Taylor made a significant impact on the field after his time at UChicago. He became the chair of the chemistry department at Howard University, where he served as a professor for nearly 30 years and published numerous papers. Named one of the country’s top chemistry instructors, he also wrote a textbook used by students at colleges and universities throughout the United States.
‘There must be no prejudice’: Black scientists in the atomic age
Taylor invoked the scientific method in a way that also illuminated social considerations. He considered racism and discrimination as being inimical to science, which required a clear, unbiased mind. “Scientific investigation must have absolute freedom,” he said in St. Louis just a few months after the end of World War II.
The Michigan Chronicle, a Black newspaper based in Detroit, paraphrased his remarks as follows: “Nothing must come between the scientist and his field of research. There must be no prejudice; no tradition to perplex him; no vested interest to prevent his exploring every promising avenue he sees.”
Taylor rose to the top of his field despite facing challenges related to race. In Chicago, for example, he struggled for nearly a year to find a suitable home for himself and his wife. This was “a consequence of the extreme housing shortage in Chicago, particularly among [Black residents],” according to a 1944 letter sent from the director’s office at Clinton Laboratories (now Oak Ridge National Lab) to the Met Lab’s personnel director, Wayne W. Johnson.

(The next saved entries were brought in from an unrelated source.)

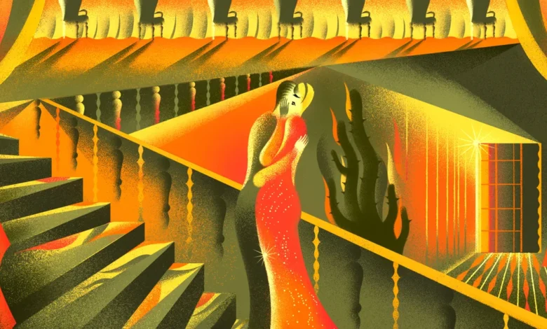 Emma visits San Remo, full of unformed hopes, and ends up shoplifting a book called Atelier Simultane about another Russian émigré to France, the artist Sonia Delauney. This book, with its colour-splashed cover, is a talisman for all that she is about to experience. Cannarozzi’s costumes veer into a new palette, as oranges and reds clothe Emma’s lower half. Undressing is established as a motif.
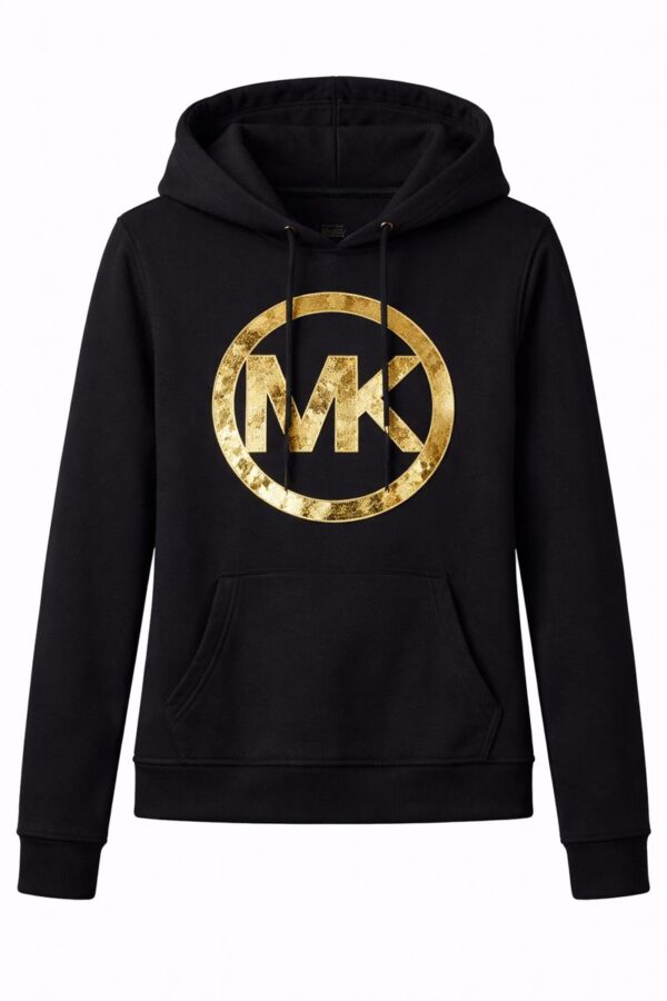Sudadera Michael Kors para mujer con diseño moderno y elegante, ideal para un look casual con un toque sofisticado. Confeccionada en tejido suave y cómodo, cuenta con capucha ajustable y el icónico logo MK en acabado dorado al frente, que aporta un estilo distintivo y premium.
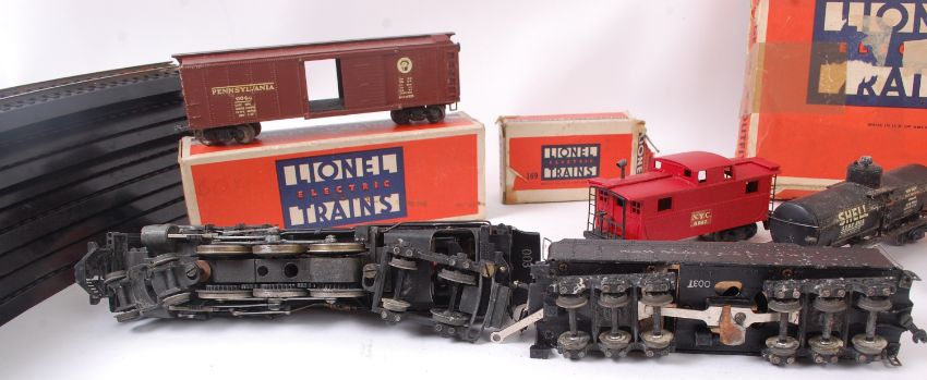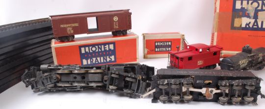 LIONEL; A fabulous original vintage Lionel American Made train set. Comprising of; 5342 New York Central locomotive and tender, along with two Shell tankers, NYC0047 carriage, Pennsylvania 0044 carriage, instructions booklet, track and various other accessories. Some within the original boxes.
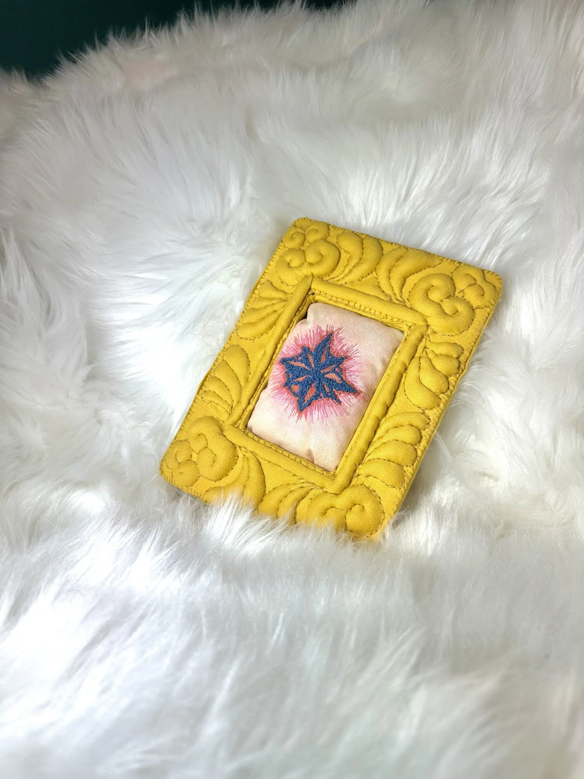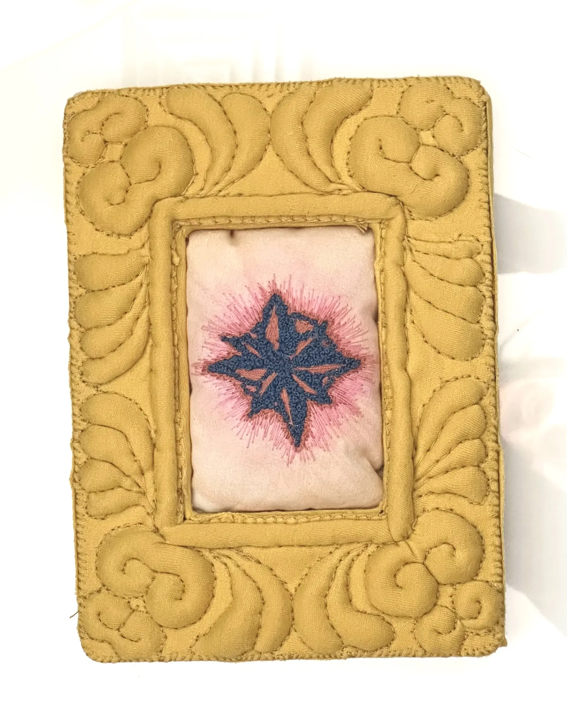Embroidery depicting an infected compass tattoo, displayed in a quilted fabric frame. The back of the frame includes a hanger.
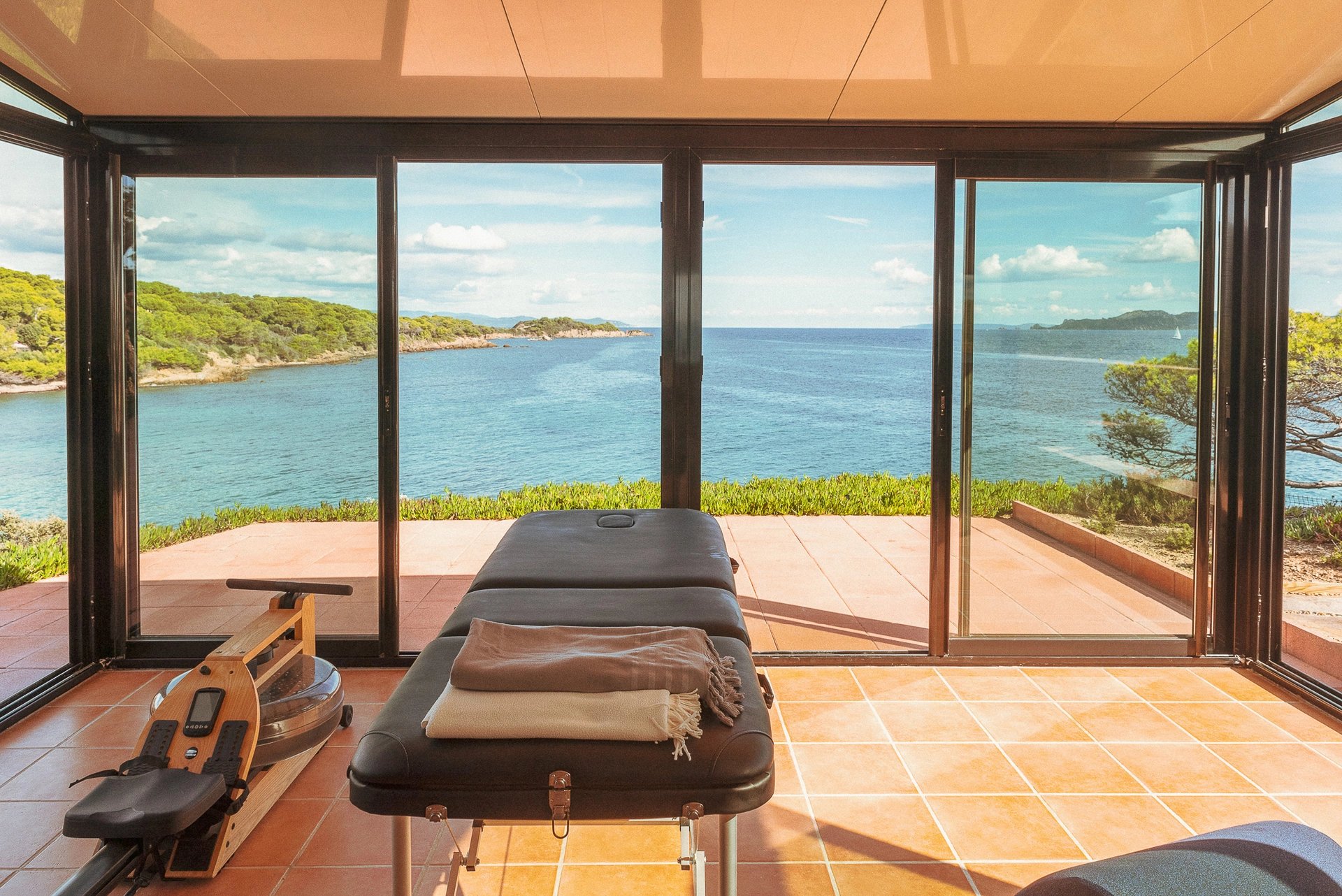 Des activités sportives pour toute la famille sont à disposition sur place : activités nautiques au départ de la plage privée (2 paddles, 1 canoé), une salle de sport avec vue panoramique sur la mer en rez de villa (rameur, vélo elliptique, TRX, tapis de yoga, haltères et table de massages) ainsi qu’un vaste boulodrome éclairé pour les parties de pétanque si chères aux traditions de notre Provence.
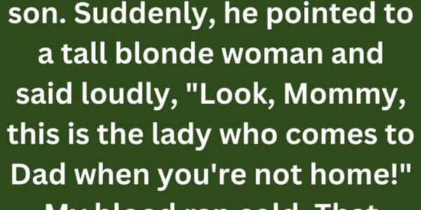 I was at the supermarket with my wife and our 4 y.o. son. Suddenly, he pointed to a tall blonde woman and said loudly, “Look, Mommy, this is the lady who comes to Dad when you’re not home!” My blood…
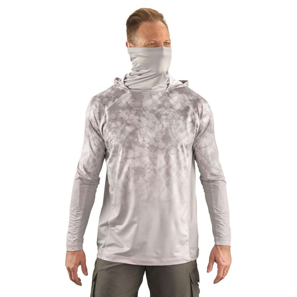 เสื้อตกปลาผู้ชาย UPF 50 + ลายพรางปลาแห้งเร็วพร้อมฮู้ดและที่คลุมใบหน้าออกแบบโลโก้ได้ตามต้องการสำหรับผู้ใหญ่
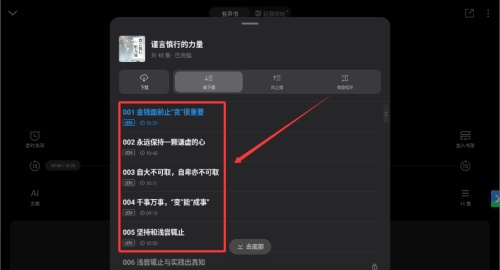 4、若书籍分章节,可点击选集按钮选择特定章节倾听。
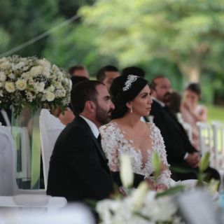 Luego del matrimonio por lo civil donde se dieron el sí, hubo una bendición religiosa a manera de agradecimiento por unir sus vidas. Después, como acto simbólico se liberaron palomas blancas.
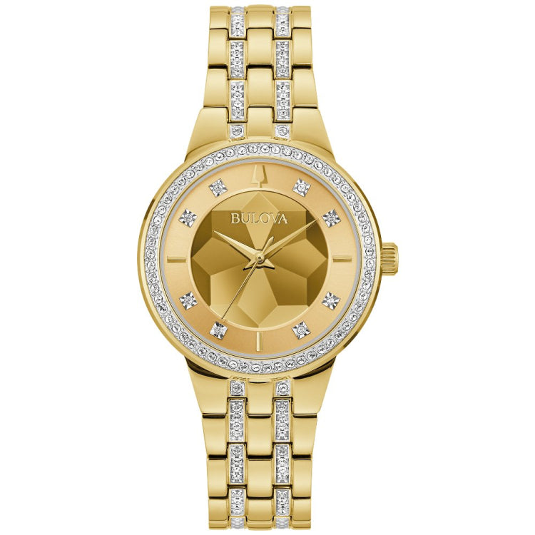 A truly captivating masterpiece, this Bulova ladies’ timepiece from the Crystal collection has an ingeniously beautiful dial that is sure to dazzle. Embellished with 112 crystals, the gold-tone stainless steel case and bracelet deliver a stunningly luxurious wrist presence, with a flat mineral crystal offering an uninterrupted view of the magnificent dial. The champagne dial features a faceted motif, with gold-tone accents and hands and 8 sparkling crystal hour markers. The matching gold-tone stainless steel bracelet features a slim foldover closure that maintains the timepiece’s sleek silhouette. Glisten at every angle with this elegant Bulova ladies’ timepiece.
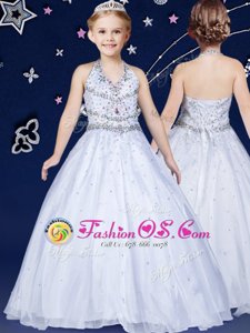 White Ball Gowns Organza Halter Top Sleeveless Beading Floor Length Zipper Flower Girl Dress
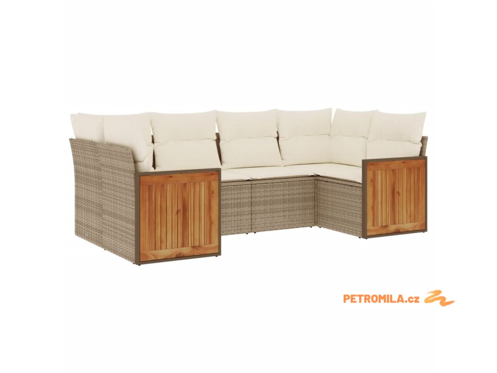 Sada zahradních pohovek s polštářem 6 pcs Béžová Poly ratan
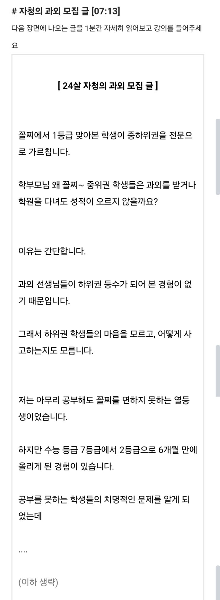 보통 과외를 구하는 글들은 의대 본과 2학년 과외합니다 주 몇회, 얼마, 어떤 과목 가능 이렇게 올리는게 ...
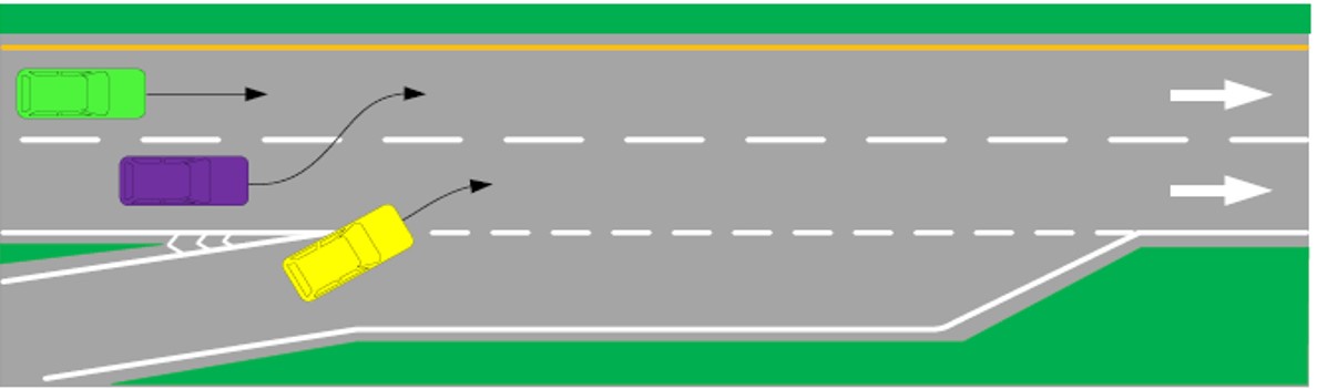 当主线流量非常大,已形成车队(Queue)时,加速车道车辆需寻找合适的间距汇入主线最右车道,某些车辆会在此区段停等。由于平行式加速车道末端的渐变段逐渐变窄,可能出现侵占渐变段右侧路肩,针对此情况,执法部门需尽可能从体谅驾驶人的立场出发。
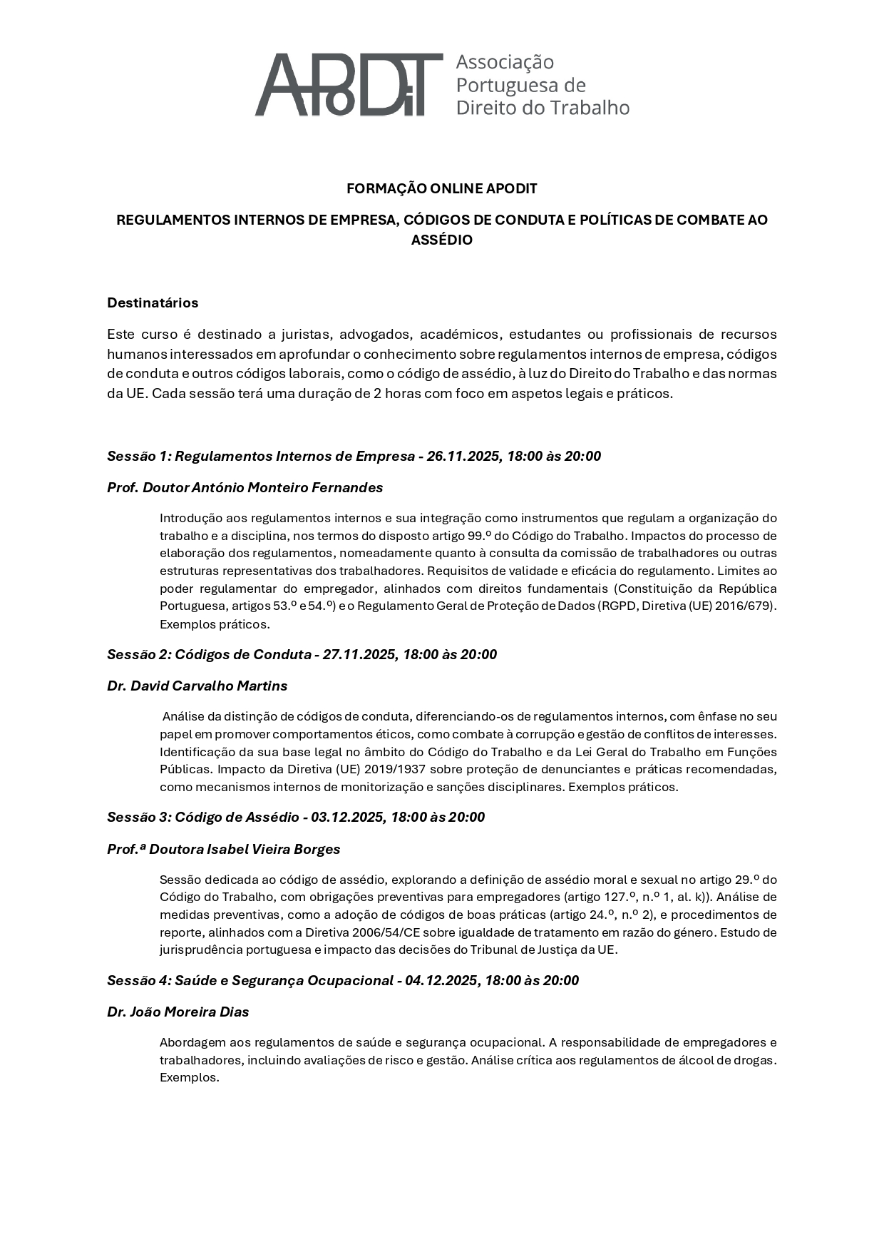 Sessões via zoom: 26 e 27 de Novembro; 3 e 4 de Dezembro de 2025

Black publications often celebrated the work of scientists like Taylor who had contributed to the Manhattan Project, according to historian Vincent Intondi, a professor at Montgomery College in Maryland and the author of African Americans Against the Bomb: Nuclear Weapons, Colonialism and the Black Freedom Movement.
At the same time, however, Black writers and activists elsewhere questioned the implications of the development, testing and use of the bomb from the standpoint of race, Intondi said. They asked why so many federal resources were poured into nuclear armament while social inequality received less attention, and whether racism might factor into decisions about when to use the bombs in warfare.
Despite such questions, Black publications praised Taylor and other scientists for their work on the Manhattan Project, Intondi said: “They were described as geniuses of chemistry and physics … and the example of their outstanding work in these areas was used in Black newspapers to ask the question, ‘How can we not be treated as equals?’”
From star student to distinguished chemist
Born in the small town of Nymph, Alabama, in 1912, Taylor later moved to St. Louis, where he attended Sumner High School, a segregated school for Black students named after abolitionist and former U.S. Sen. Charles Sumner. He graduated as his high school’s salutatorian and went on to graduate summa cum laude in 1935 as the top student at Lincoln University, a historically Black university in Jefferson City, Missouri, founded by Black Civil War veterans in 1866.
Taylor then came to UChicago, where he studied with chemists Anton Burg, Herbert Brown and Prof. Hermann Schlesinger. Burg later chaired the chemistry department at the University of Southern California, and Brown became a professor at Purdue University, winning a Nobel Prize in Chemistry in 1979 for his investigation of boron compounds, a subfield in which he had published with Taylor early in their careers.
When Taylor eventually published his chemistry textbook First Principles of Chemistry in 1960, he dedicated it to Schlesinger (“who taught me”); his father, Herbert Taylor (“who believed in me”); and his wife Vivian Taylor (“who worked with me”). Vivian is also acknowledged in the textbook for having typed the 688-page manuscript.
Taylor retained an affiliation with Lincoln University during his graduate studies at UChicago, teaching and conducting research on the Jefferson City campus until 1941, when he began to live in Chicago full-time. Upon completing his Ph.D. in 1943, Taylor was re-hired at Lincoln. However, before he had a chance to start in a full-time job at his alma mater, the Metallurgical Laboratory tapped him to work as an associate chemist for two more years.